When I first started fly fishing 40 years ago—for largemouth bass and trout—the prevailing attitude about fly reels was that they were the least important part of the fly fishing ensemble, nothing more than a tool to hold your fly line. As I evolved as a fly fisherman—branching out into the saltwater and fishing for bigger trout and bass—it became readily apparent that the old dogma was just plain wrong. Finding the best fly reel—one that is durable and has a good drag system—is absolutely essential to success during your time on the water.
It’s no coincidence that my evolution in thinking corresponded with huge technological advances in fly reels. In the past decades, fly reels have been manufactured with space age materials, adding to the durability, and the drag systems have become smoother, more reliable and much stronger.
It’s hard to go wrong these days when buying a fly reel. We’re in the golden age, for sure.

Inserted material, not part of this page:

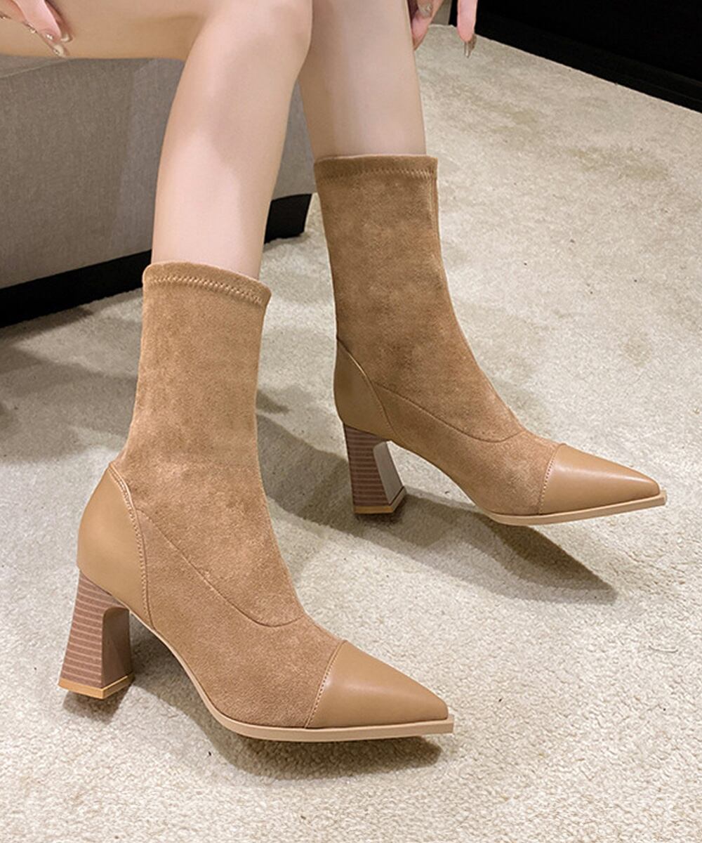 通勤OL ブーツ チャンキーヒール靴 韓国おしゃれくつ

But I’ve winnowed down a list of the fly reels that I use now or have tested in the past for all sorts of different fish to help you make an informed buying decision.

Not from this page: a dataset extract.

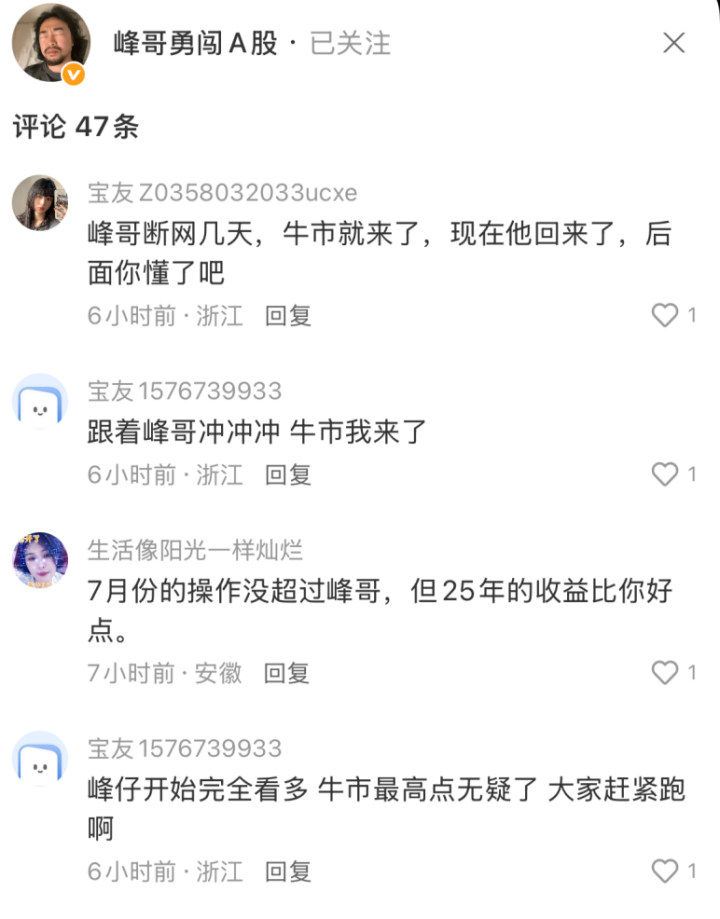 b友们只需要熟记一条黑暗法则:峰哥断网三天,牛市就来了;峰哥看多的时候,基本上大家就该跑路了。

Best Fly Reels: Reviews and Recommendations
Best Fly Reel Overall: Mako 9600B
- Carbon-fiber drag system
- 15.2 ounces
- Four different color options
- Smooth drag
- A drag lock, which means you’ll always know how much pressure you’re applying on a fish
- It’s among the priciest reels on the market
- Heavy for its category
Mako was originally founded by an aerospace engineer named Jack Charlton, a true pioneer in the fly reel world. The reel is made to last a few lifetimes. Its carbon-fiber drag system is a giant upgrade over the cork drags that are found in many reels—it’s smoother and sturdier. And the reel’s interior parts are completely sealed, so it needs only a quick rinse even after getting dunked in the saltwater.
The Mako is the preferred reel of some of the top tarpon anglers of today, like Nathaniel Linville and David Magnum, prized for its toughness, reliability and ability to fight big, hard-charging fish. The drag lock allows the angler to fight fish with confidence: Any given setting always exerts the same amount of drag pressure. The only drawback (besides its hefty price tag) is weight: The Mako is heavier by a few ounces than other reels in its category.

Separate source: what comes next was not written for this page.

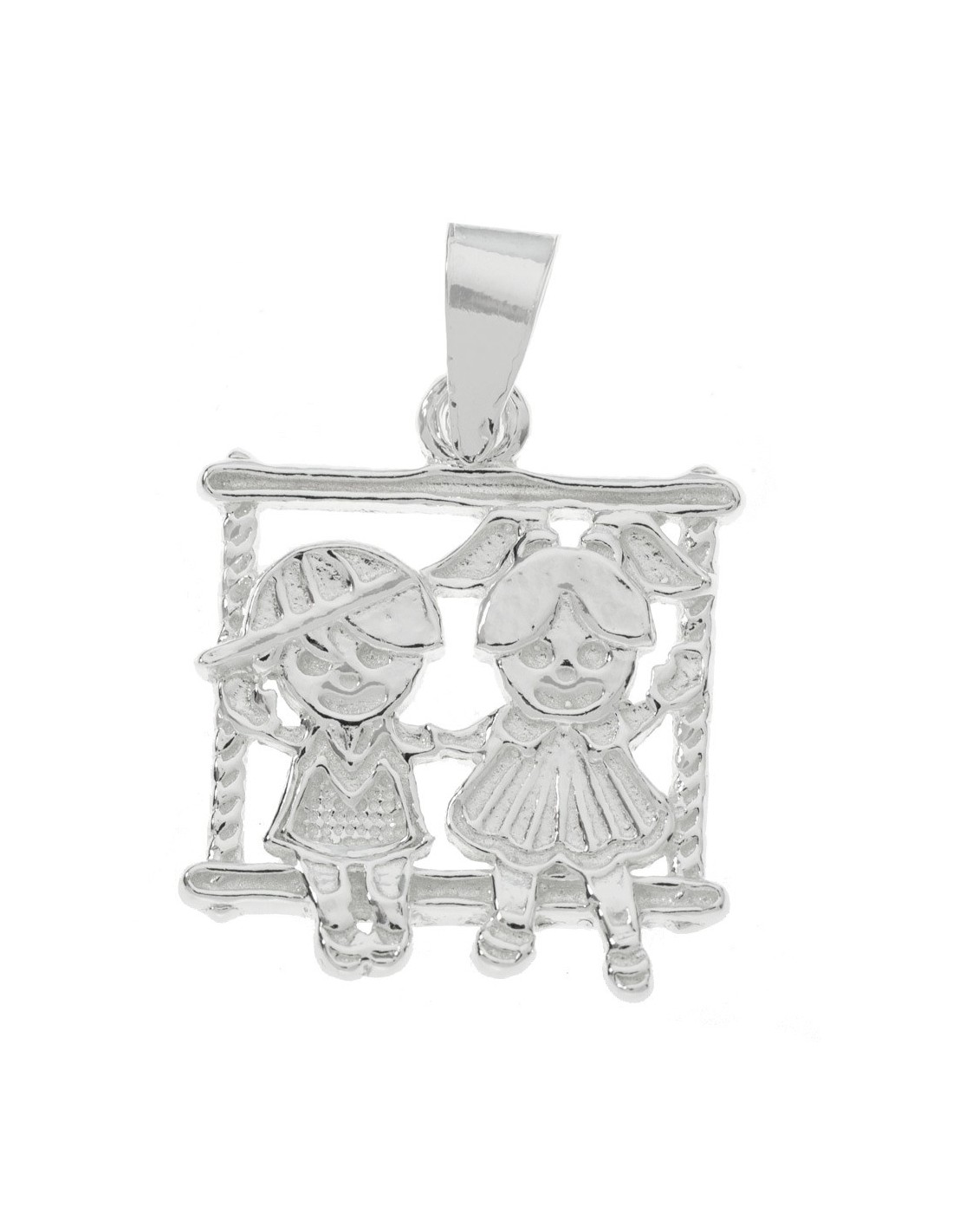 Colgante con diseño de niños sentados sobre un columpio, acabado oxidado y fabricado en Plata de Ley 925.

Best Fly Reel for Trout: Orvis Mirage II
- 5.6 ounces
- Made of aluminum bar stock
- Two colors
- Huge arbor that picks up line faster than just about any reel in its class
The Mirage II is a big part of the reason that the Manchester, Vermont-based Orvis Company has experienced a recent renaissance in reel-making. The Mirage’s weight is perfect—it balances your trout rod and feels great in your hand. The extra-large arbor enables you to reel in your line extremely quickly. You won’t always need to be able to do that when fishing for trout, but it can be a day-saver if you hook into a really big one.
You’re going to bang around your reel while trout fishing, but the Mirage will hold up, both structurally and cosmetically, thanks to its aluminum bar stock body and anodized finish. One nice little thing the Mirage features is a rounded reel foot. Most reels have reel feet with edges, which can feel uncomfortable to the touch and produce kinks in your leader if you wrap it around the reel foot (as I do) when moving to a new bit of water. The rounded reel foot solves both of those problems.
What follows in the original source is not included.